My energy shifted to using plain language to produce materials that would help adults to better prepare themselves for participation in their governance – especially regarding the Poverty Reduction Strategy Programme (PRSP) and the Millennium Development Goals (MDG) which were being promoted by the IMF and the World Bank for a while. [Note 1] But, along the way, I lost faith in the willingness of the power elites to pay any attention to what ‘ordinary’ people had to say.

My energy shifted to being objective about the more emotionally sensitive (spiritual) aspects of multi-stakeholder processes (MSP) (ref Minu Hemmati). In terms of holistic development policy I developed the acronym STEEPLES (Social, technical, environmental, economic, political, legal, ethical and spiritual.) (for details see http://sites.google.com/site/steeplessrds/ ).

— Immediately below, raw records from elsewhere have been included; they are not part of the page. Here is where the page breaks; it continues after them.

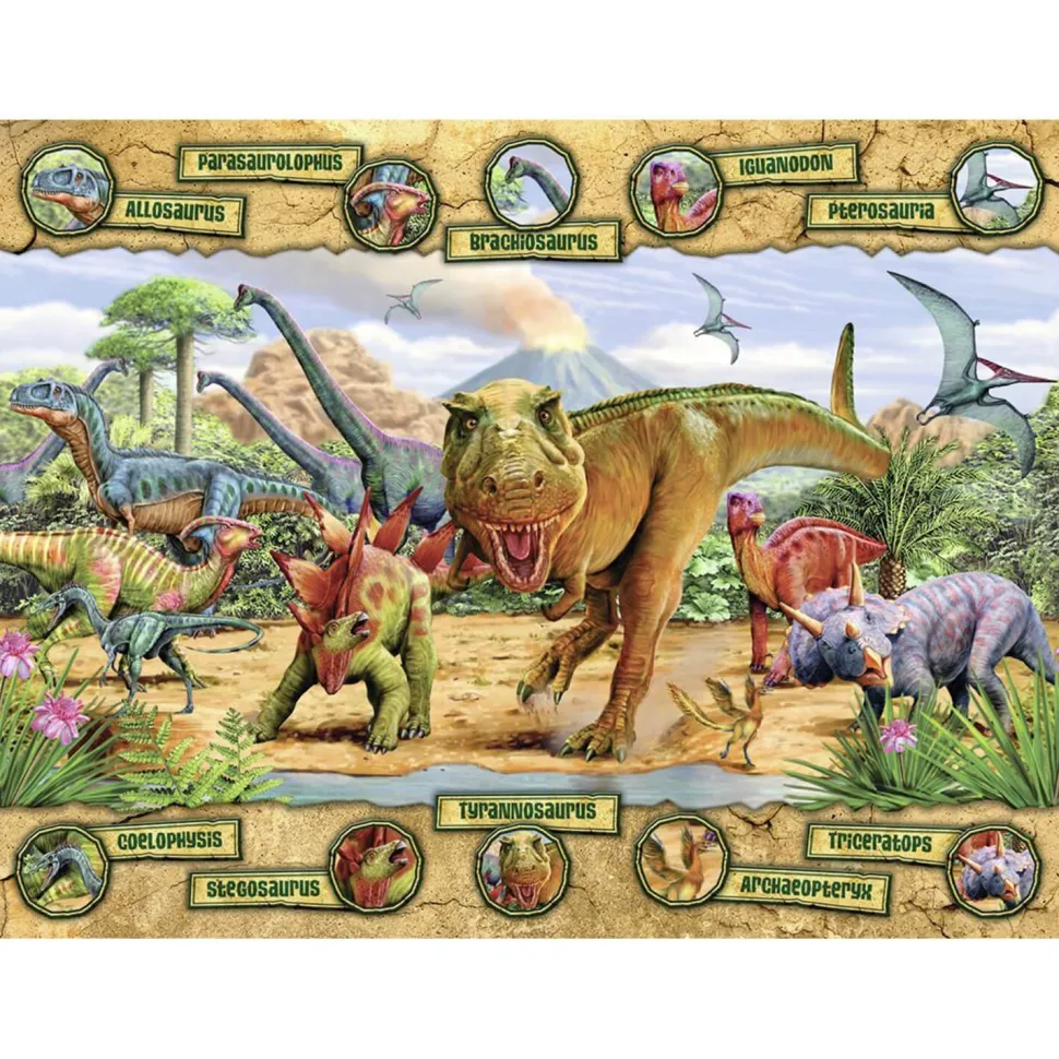 Votre enfant se passionne pour les dinosaures et s’il sait déjà reconnaître les espèces les plus connues, ce puzzle lui permettra d’en apprendre aussi de nouvelles. Ce puzzle se présente comme une illustration représentant des dinosaures accompagnée d’une frise en haut et en bas avec le nom des espèces.
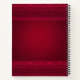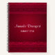 A personalised spiral notebook with a red background decorated with elegant swirls and ornamental designs along the borders.
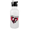 Τι έχεις? Τίποτα!, Παγούρι νερού Λευκό με καλαμάκι, ανοξείδωτο ατσάλι 600ml
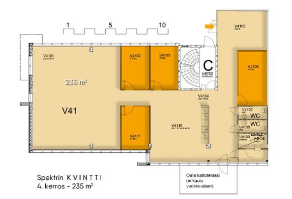 • Spektrin kokonaisala on 45 500 m², vuokrattavaa 33.000m2
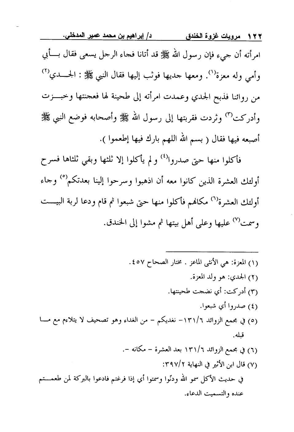 فأكلوا منها حتى صدروا4 ولم يأكلوا إلا ثلثها وبقي ثلثاها فسرح أولئك العشرة الذين كانوا معه أن اذهبوا وسرحوا إلينا بعدتكم5 وجاء أولئك العشرة6 مكانهم فأكلوا منها حتى شبعوا ثم قام ودعا لربة البيت وسمت7 عليها وعلى أهل بيتها ثم مشوا إلى الخندق.
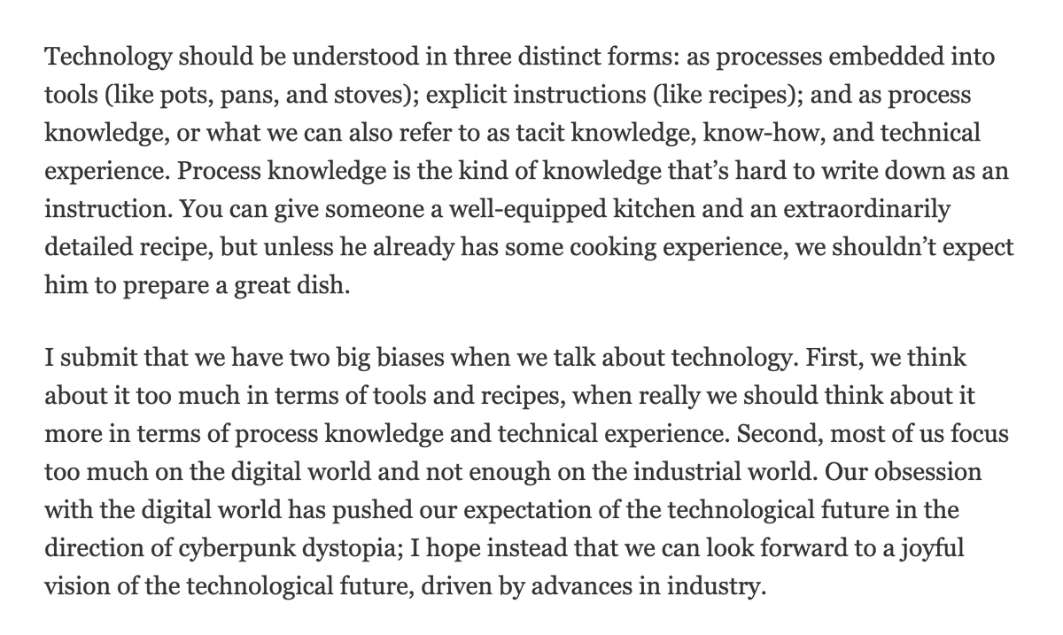 “Technology should be understood in three distinct forms: (1) as processes embedded into tools (like pots, pans, and stoves); (2) explicit instructions (like recipes); (3) and as process knowledge, or what we can also refer to as know-how and technical experience.”pic.twitter.com/at0iDuDEpX
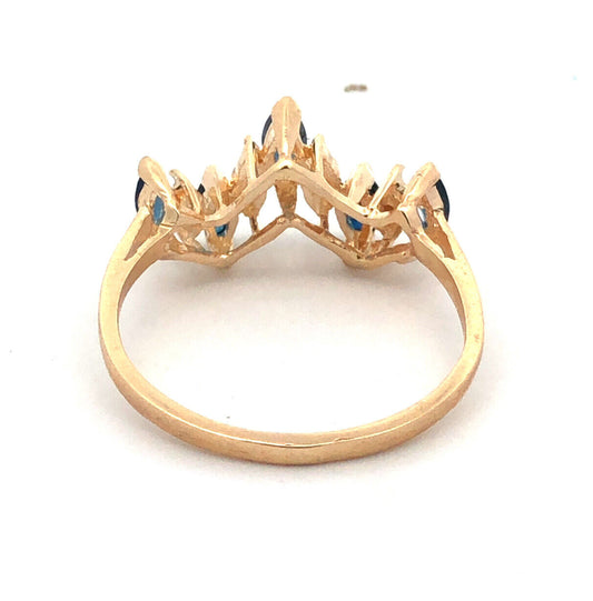 14K Yellow Gold Estate Oval Blue Sapphire Size 6.75 Stackable Band Ring

To cut a long story short I have not yet totally lost faith in the ability of ‘mindfulness’ to enable policy makers to engage in cognitive retraining and to be aware that their world views are not absolutes. They will thus be able and willing to renounce their limiting viewpoints for the greater good of humanity, the environment and the planet.

I am writing this story to address a negative thought that came to my attention this morning. Namely that I dumb down everything that I put my mind to. My main retort is that I help to point to the insubstantial nature of facts, ideas and concepts and the way in which they become hypotheses and then theories. These are mind-made entities seen from a particular point of view, there is no abiding reality.

But there is churn in the mindbrains of policy makers, freelance philosophers, media makers and ordinary people. World views and the language in which they are expressed change. Many new words are created but only a few are fully adopted, and old words drift out of fashion. This creative process happens in individuals and in groups. No culture sits still. The Dinka of the South Sudan are changing their ways and language as are my subcultural group of Doric speakers in the NE of Scotland. Both are building new nations – all change!

As a facilitator of lifelong learning I find Taoist philosophy to be inspirational. “The reality that can be described is not the real reality.” “The beginning of wisdom is in knowing that you do not know.”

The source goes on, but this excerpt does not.